Every single entry that follows must be copied exactly.

(Data excerpts)
====================

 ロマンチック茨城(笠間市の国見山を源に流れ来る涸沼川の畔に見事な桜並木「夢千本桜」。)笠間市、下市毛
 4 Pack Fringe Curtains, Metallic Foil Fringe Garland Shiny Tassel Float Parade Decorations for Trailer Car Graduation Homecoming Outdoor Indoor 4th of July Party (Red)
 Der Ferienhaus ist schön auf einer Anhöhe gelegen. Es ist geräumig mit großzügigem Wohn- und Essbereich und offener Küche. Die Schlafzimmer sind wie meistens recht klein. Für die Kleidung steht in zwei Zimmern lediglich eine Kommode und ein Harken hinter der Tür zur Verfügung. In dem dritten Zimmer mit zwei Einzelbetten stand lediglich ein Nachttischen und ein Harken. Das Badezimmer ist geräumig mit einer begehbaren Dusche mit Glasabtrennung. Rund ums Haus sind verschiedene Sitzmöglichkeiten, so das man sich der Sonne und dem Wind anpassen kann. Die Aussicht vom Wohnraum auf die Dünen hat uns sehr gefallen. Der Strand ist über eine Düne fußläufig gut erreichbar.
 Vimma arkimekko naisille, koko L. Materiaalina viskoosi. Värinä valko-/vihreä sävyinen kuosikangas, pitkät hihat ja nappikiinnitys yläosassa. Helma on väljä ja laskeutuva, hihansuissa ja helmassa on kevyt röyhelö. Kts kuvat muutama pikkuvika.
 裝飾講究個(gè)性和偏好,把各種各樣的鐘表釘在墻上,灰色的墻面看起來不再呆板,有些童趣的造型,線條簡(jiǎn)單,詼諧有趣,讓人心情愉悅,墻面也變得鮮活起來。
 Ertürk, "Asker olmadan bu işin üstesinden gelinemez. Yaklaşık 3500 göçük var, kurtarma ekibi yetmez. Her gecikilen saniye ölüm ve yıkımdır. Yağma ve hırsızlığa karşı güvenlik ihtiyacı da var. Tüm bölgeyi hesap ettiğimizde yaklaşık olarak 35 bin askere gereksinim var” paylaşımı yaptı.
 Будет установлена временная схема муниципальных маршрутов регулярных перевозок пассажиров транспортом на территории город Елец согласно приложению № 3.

====================

#### Result
 ロマンチック茨城(笠間市の国見山を源に流れ来る涸沼川の畔に見事な桜並木「夢千本桜」。)笠間市、下市毛
 4 Pack Fringe Curtains, Metallic Foil Fringe Garland Shiny Tassel Float Parade Decorations for Trailer Car Graduation Homecoming Outdoor Indoor 4th of July Party (Red)
 Der Ferienhaus ist schön auf einer Anhöhe gelegen. Es ist geräumig mit großzügigem Wohn- und Essbereich und offener Küche. Die Schlafzimmer sind wie meistens recht klein. Für die Kleidung steht in zwei Zimmern lediglich eine Kommode und ein Harken hinter der Tür zur Verfügung. In dem dritten Zimmer mit zwei Einzelbetten stand lediglich ein Nachttischen und ein Harken. Das Badezimmer ist geräumig mit einer begehbaren Dusche mit Glasabtrennung. Rund ums Haus sind verschiedene Sitzmöglichkeiten, so das man sich der Sonne und dem Wind anpassen kann. Die Aussicht vom Wohnraum auf die Dünen hat uns sehr gefallen. Der Strand ist über eine Düne fußläufig gut erreichbar.
 Vimma arkimekko naisille, koko L. Materiaalina viskoosi. Värinä valko-/vihreä sävyinen kuosikangas, pitkät hihat ja nappikiinnitys yläosassa. Helma on väljä ja laskeutuva, hihansuissa ja helmassa on kevyt röyhelö. Kts kuvat muutama pikkuvika.
 裝飾講究個(gè)性和偏好,把各種各樣的鐘表釘在墻上,灰色的墻面看起來不再呆板,有些童趣的造型,線條簡(jiǎn)單,詼諧有趣,讓人心情愉悅,墻面也變得鮮活起來。
 Ertürk, "Asker olmadan bu işin üstesinden gelinemez. Yaklaşık 3500 göçük var, kurtarma ekibi yetmez. Her gecikilen saniye ölüm ve yıkımdır. Yağma ve hırsızlığa karşı güvenlik ihtiyacı da var. Tüm bölgeyi hesap ettiğimizde yaklaşık olarak 35 bin askere gereksinim var” paylaşımı yaptı.
 Будет установлена временная схема муниципальных маршрутов регулярных перевозок пассажиров транспортом на территории город Елец согласно приложению № 3.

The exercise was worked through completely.